* **SUPPLIED RECORDS**
####################

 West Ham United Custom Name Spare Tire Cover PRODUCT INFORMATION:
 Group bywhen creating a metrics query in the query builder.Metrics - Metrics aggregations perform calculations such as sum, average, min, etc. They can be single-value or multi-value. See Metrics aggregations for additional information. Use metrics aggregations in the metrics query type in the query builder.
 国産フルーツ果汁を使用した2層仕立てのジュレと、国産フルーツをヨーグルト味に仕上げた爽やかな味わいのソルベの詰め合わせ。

####################

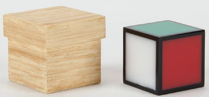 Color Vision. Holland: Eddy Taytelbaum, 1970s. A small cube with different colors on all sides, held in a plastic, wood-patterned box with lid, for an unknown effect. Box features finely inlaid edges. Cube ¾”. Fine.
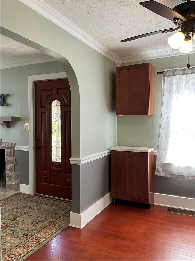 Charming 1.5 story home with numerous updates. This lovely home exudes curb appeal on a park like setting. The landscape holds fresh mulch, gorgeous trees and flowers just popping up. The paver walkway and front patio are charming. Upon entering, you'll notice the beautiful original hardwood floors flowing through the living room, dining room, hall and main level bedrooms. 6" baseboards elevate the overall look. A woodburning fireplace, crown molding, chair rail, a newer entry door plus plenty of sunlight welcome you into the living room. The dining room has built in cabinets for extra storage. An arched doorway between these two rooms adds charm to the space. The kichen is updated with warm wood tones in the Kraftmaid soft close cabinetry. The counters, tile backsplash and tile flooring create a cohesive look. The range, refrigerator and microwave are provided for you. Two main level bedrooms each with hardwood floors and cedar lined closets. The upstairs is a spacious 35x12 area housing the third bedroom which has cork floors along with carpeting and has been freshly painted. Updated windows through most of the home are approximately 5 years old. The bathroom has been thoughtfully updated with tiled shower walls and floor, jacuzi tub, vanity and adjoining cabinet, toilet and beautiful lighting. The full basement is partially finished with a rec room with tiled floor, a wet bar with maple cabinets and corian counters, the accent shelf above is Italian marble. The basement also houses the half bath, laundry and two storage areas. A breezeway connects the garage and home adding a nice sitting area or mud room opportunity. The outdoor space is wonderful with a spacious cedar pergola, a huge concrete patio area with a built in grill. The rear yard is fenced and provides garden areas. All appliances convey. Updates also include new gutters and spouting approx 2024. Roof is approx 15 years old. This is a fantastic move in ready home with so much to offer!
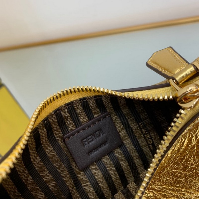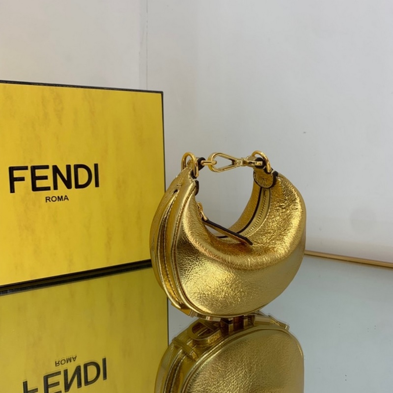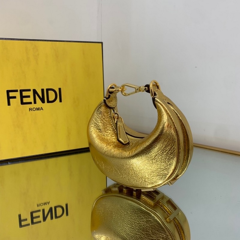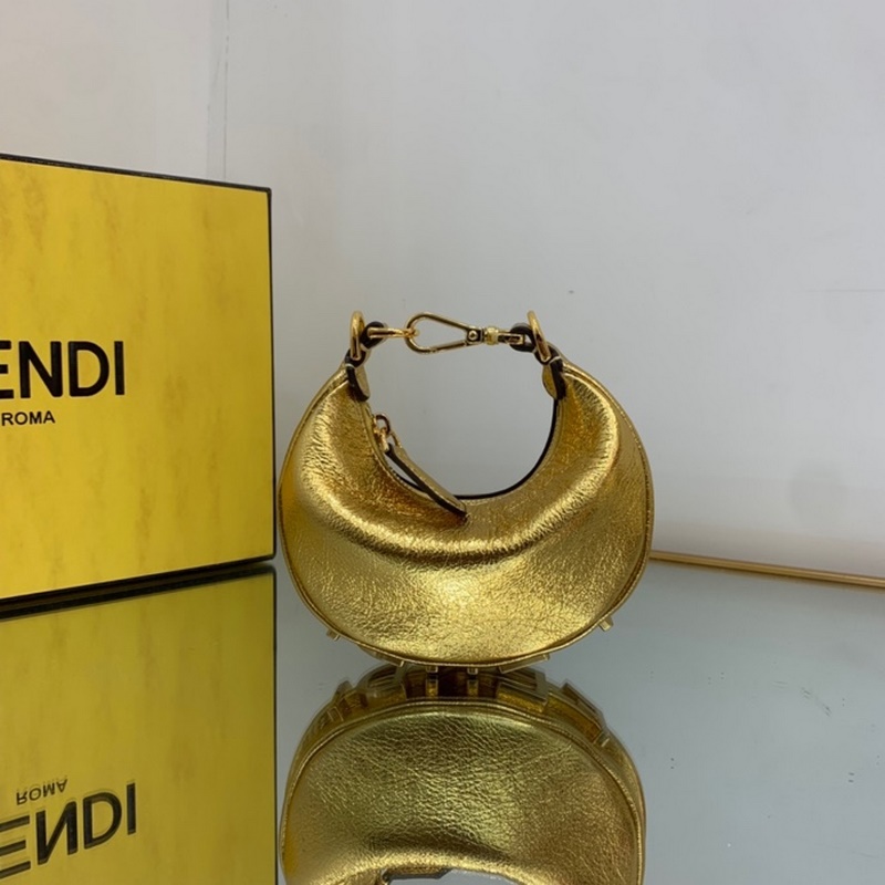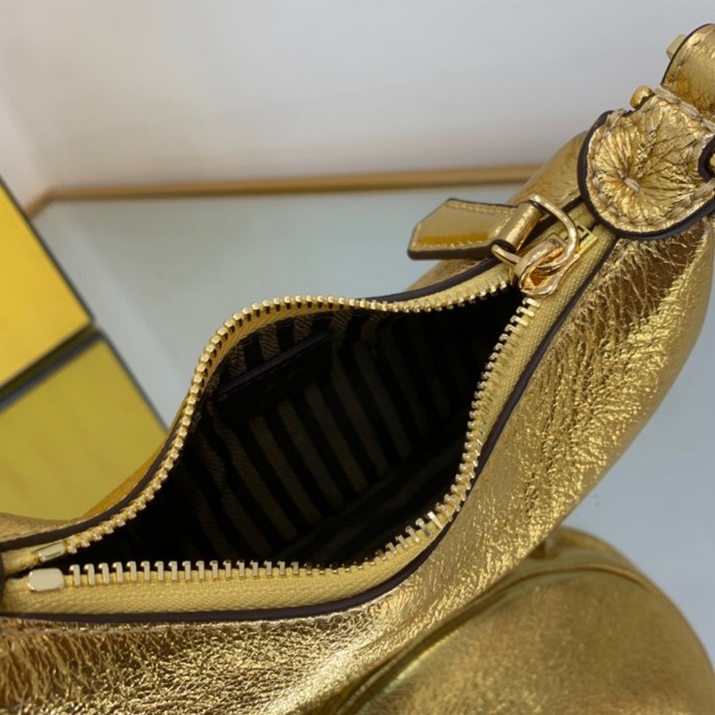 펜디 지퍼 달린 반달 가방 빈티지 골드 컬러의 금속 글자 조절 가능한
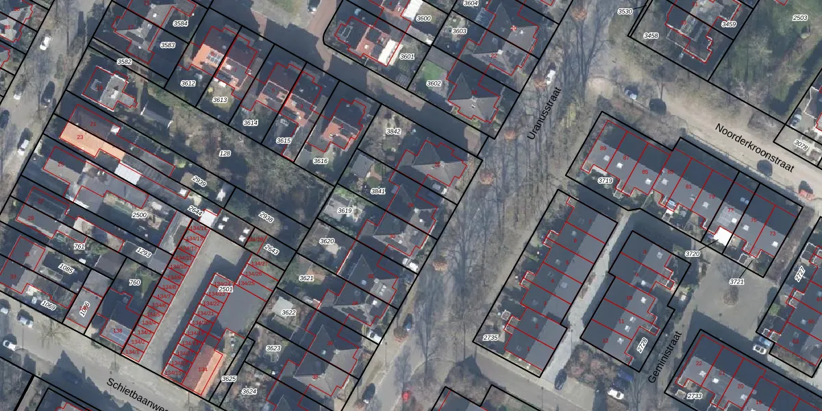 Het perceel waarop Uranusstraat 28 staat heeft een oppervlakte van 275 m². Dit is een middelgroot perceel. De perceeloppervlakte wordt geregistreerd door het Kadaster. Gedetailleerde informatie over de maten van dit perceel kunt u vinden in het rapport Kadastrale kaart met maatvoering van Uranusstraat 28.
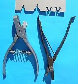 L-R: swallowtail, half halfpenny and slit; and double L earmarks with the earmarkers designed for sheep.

####################

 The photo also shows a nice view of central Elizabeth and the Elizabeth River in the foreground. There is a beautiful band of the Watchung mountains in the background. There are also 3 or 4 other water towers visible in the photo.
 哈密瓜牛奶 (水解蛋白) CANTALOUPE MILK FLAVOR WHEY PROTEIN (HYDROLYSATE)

####################

* **ASSIGNMENT**
What is needed is a verbatim copy of every line in the records above from the one containing "West Ham United" down to the one containing "国産フルーツ果汁を使用した2", both included, and nothing more.

* **RESPONSE**
 West Ham United Custom Name Spare Tire Cover PRODUCT INFORMATION:
 Group bywhen creating a metrics query in the query builder.Metrics - Metrics aggregations perform calculations such as sum, average, min, etc. They can be single-value or multi-value. See Metrics aggregations for additional information. Use metrics aggregations in the metrics query type in the query builder.
 国産フルーツ果汁を使用した2層仕立てのジュレと、国産フルーツをヨーグルト味に仕上げた爽やかな味わいのソルベの詰め合わせ。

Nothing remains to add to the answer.